● STUDY MATERIAL:

· · · · ·

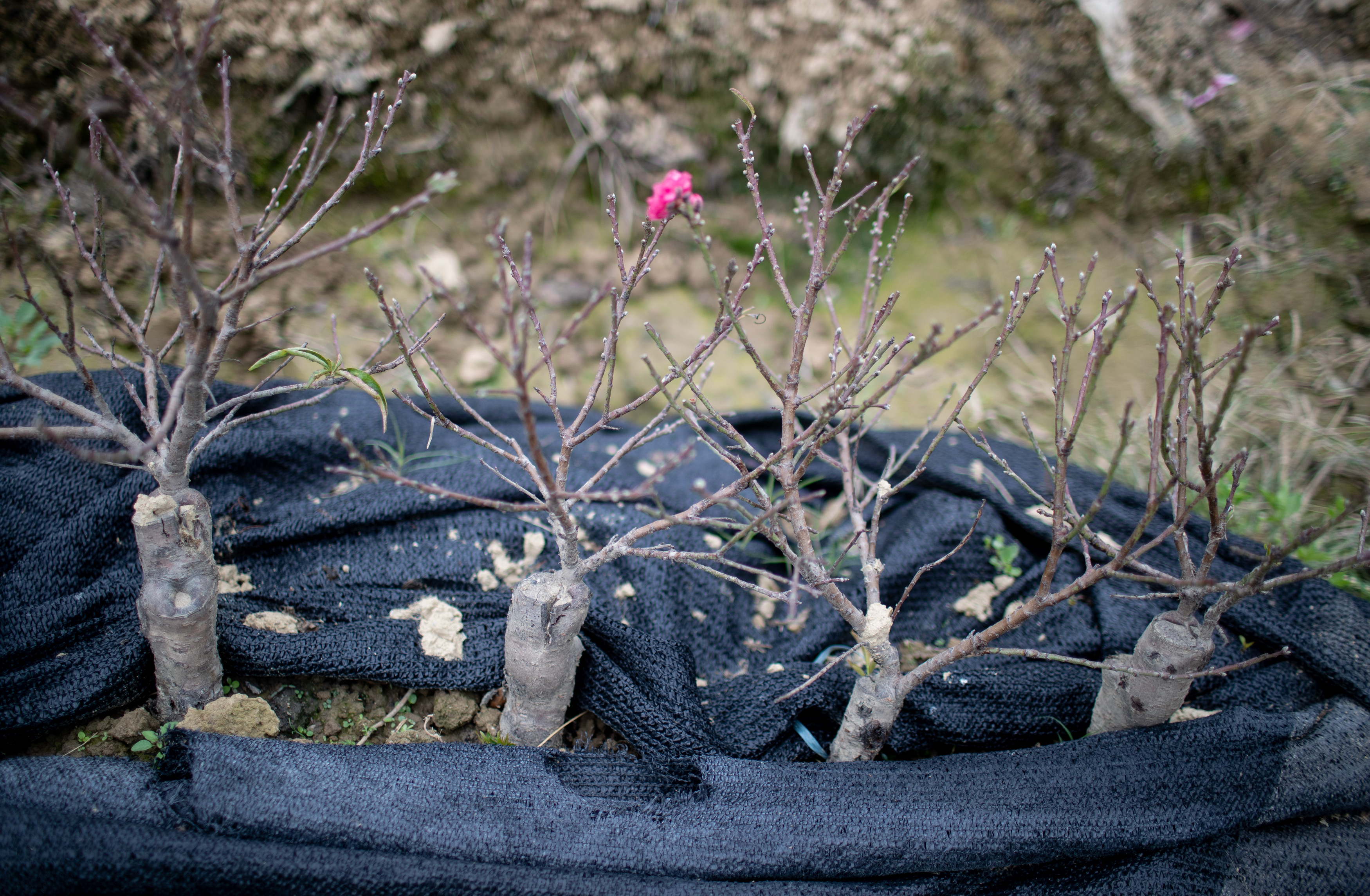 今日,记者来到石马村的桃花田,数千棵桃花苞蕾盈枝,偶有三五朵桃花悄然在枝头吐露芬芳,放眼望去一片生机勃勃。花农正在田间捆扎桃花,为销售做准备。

· · · · ·

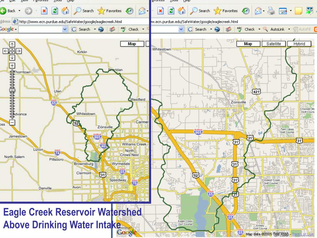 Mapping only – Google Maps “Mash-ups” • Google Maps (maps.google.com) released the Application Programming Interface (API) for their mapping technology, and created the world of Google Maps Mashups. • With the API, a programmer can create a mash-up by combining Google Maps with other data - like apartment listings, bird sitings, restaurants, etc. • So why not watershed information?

· · · · ·

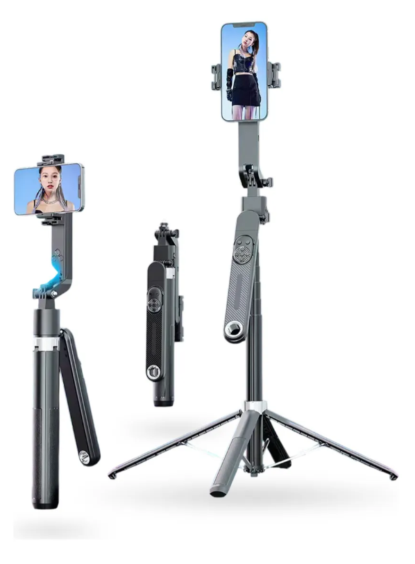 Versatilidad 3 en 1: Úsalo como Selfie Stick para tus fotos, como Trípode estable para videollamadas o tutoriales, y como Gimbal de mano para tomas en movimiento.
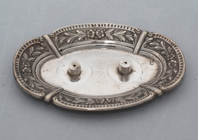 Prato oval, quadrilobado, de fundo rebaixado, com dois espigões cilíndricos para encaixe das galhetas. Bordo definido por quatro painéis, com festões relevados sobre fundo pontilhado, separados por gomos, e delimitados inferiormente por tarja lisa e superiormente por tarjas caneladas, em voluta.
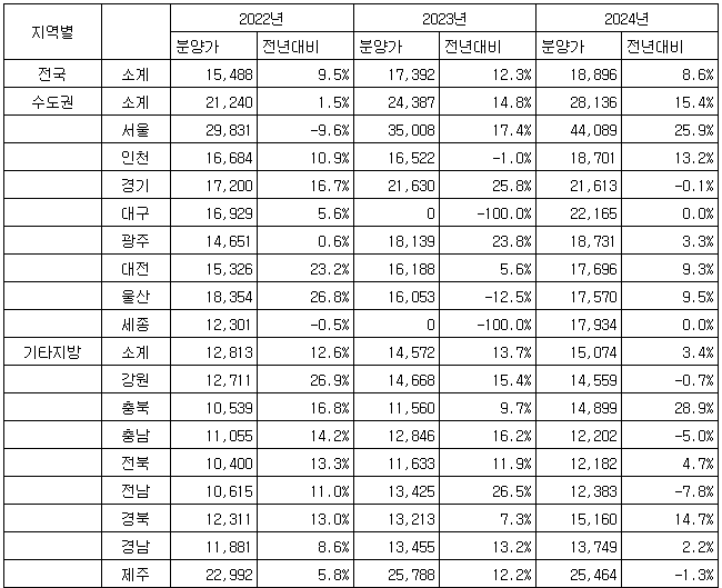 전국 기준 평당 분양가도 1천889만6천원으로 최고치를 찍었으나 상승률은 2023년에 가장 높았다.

· · · · ·

● EXERCISE AIM:
In the listing above, find the line containing "Prato oval, quadrilobado, de" and the line containing "전국 기준 평당 분양가도", then return both of them and every line between, exactly, without pictures.

● TASK SOLUTION:
 Prato oval, quadrilobado, de fundo rebaixado, com dois espigões cilíndricos para encaixe das galhetas. Bordo definido por quatro painéis, com festões relevados sobre fundo pontilhado, separados por gomos, e delimitados inferiormente por tarja lisa e superiormente por tarjas caneladas, em voluta.
 전국 기준 평당 분양가도 1천889만6천원으로 최고치를 찍었으나 상승률은 2023년에 가장 높았다.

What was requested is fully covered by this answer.